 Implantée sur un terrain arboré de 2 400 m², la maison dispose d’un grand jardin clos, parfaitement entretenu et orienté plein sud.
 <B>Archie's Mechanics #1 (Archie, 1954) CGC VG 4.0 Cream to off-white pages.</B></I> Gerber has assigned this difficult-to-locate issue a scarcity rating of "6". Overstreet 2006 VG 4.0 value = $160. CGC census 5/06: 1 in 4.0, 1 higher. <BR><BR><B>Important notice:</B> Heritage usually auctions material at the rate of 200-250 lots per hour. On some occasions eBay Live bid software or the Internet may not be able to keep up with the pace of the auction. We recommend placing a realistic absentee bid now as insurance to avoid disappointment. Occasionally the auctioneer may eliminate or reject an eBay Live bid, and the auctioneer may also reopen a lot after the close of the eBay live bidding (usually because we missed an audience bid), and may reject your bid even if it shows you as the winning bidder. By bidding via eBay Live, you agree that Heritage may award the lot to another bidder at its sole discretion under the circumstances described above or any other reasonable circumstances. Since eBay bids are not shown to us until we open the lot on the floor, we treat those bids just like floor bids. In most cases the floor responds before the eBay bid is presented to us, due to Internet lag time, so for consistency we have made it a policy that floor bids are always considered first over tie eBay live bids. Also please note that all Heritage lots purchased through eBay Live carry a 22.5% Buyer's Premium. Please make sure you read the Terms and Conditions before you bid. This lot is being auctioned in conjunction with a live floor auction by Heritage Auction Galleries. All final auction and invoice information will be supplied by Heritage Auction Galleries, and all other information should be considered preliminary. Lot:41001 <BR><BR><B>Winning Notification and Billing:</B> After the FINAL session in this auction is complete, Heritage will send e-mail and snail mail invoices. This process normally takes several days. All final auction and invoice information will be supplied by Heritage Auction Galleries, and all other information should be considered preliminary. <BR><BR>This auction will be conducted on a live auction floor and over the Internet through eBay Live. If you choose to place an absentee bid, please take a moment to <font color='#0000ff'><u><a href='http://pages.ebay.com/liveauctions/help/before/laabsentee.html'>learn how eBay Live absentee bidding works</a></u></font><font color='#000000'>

---

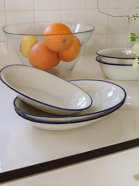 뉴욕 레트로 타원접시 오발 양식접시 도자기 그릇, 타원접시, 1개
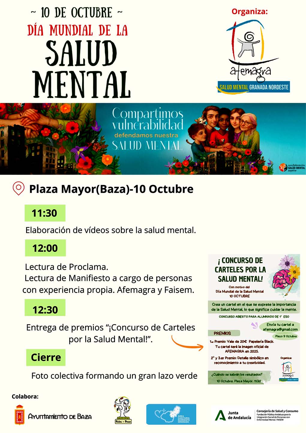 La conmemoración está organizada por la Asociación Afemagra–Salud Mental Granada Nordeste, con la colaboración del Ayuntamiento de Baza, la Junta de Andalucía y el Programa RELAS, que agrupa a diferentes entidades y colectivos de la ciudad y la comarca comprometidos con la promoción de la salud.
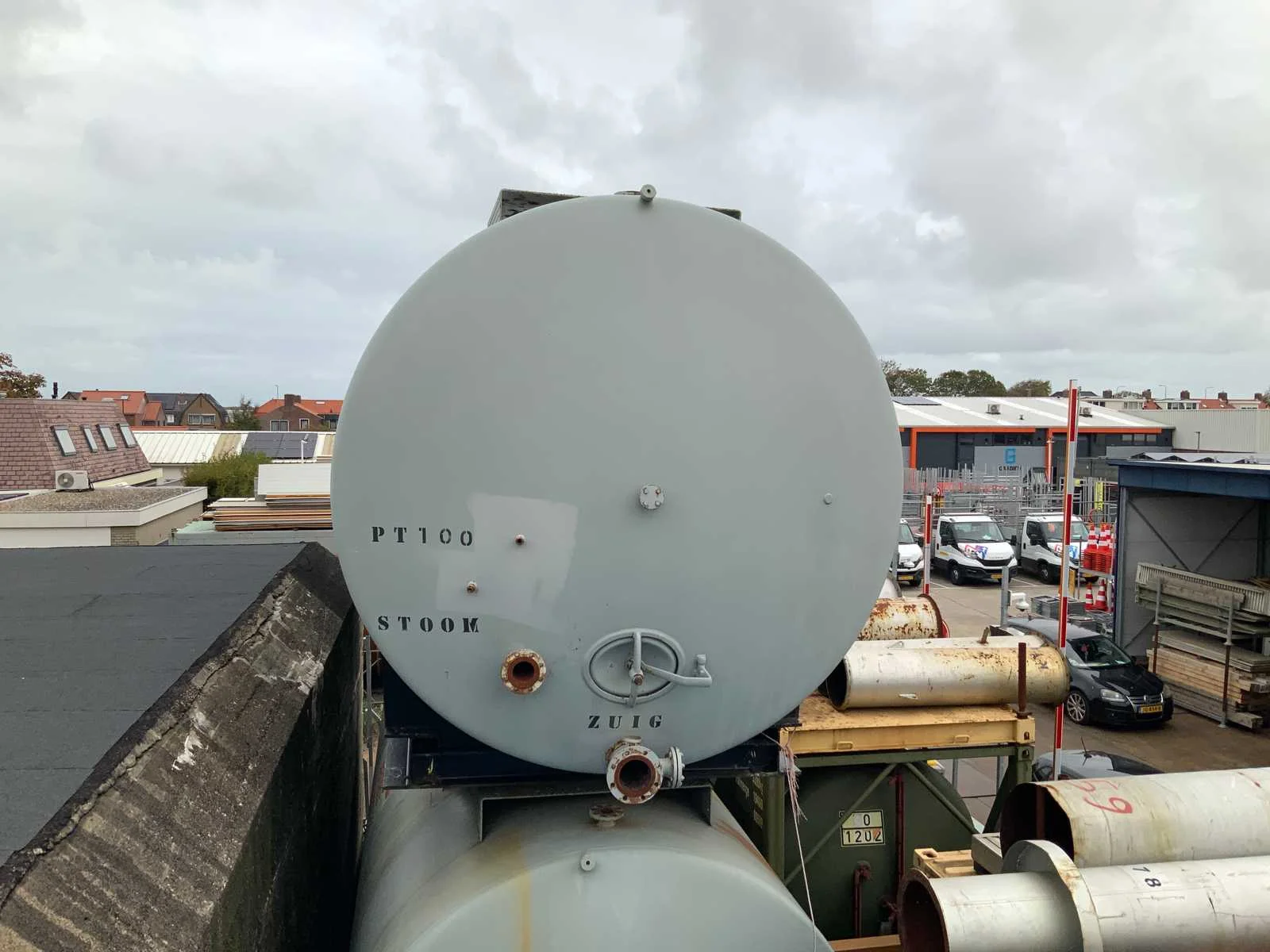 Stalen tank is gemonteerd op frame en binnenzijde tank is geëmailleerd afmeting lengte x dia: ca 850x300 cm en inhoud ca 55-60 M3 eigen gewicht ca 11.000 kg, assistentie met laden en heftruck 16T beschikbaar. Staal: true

...

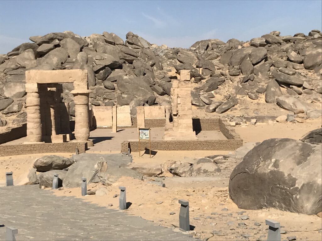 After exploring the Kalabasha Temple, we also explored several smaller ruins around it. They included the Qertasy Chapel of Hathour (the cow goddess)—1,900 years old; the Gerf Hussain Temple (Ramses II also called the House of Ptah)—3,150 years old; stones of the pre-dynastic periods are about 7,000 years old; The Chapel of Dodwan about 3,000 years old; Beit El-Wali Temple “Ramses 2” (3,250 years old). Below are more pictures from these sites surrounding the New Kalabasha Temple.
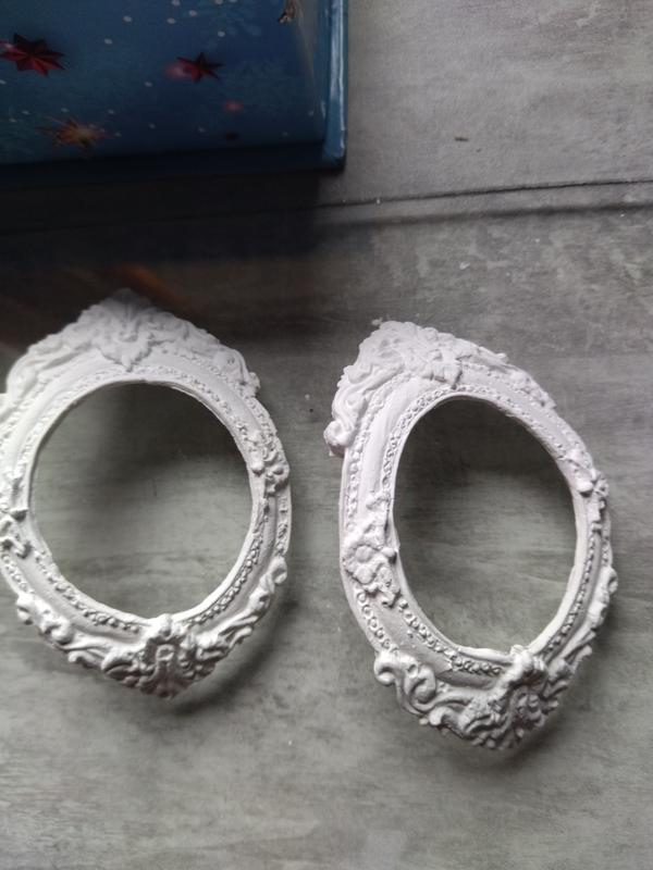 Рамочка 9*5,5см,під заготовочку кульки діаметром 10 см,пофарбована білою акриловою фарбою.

**What you have to do**
Excerpt from the records above: set down only the lines from the one that contains "After exploring the" through the one that contains "Рамочка 9*5,5см,під заготовочку", inclusive, word for word. Pictures stay out.

**Task response**
 After exploring the Kalabasha Temple, we also explored several smaller ruins around it. They included the Qertasy Chapel of Hathour (the cow goddess)—1,900 years old; the Gerf Hussain Temple (Ramses II also called the House of Ptah)—3,150 years old; stones of the pre-dynastic periods are about 7,000 years old; The Chapel of Dodwan about 3,000 years old; Beit El-Wali Temple “Ramses 2” (3,250 years old). Below are more pictures from these sites surrounding the New Kalabasha Temple.
 Рамочка 9*5,5см,під заготовочку кульки діаметром 10 см,пофарбована білою акриловою фарбою.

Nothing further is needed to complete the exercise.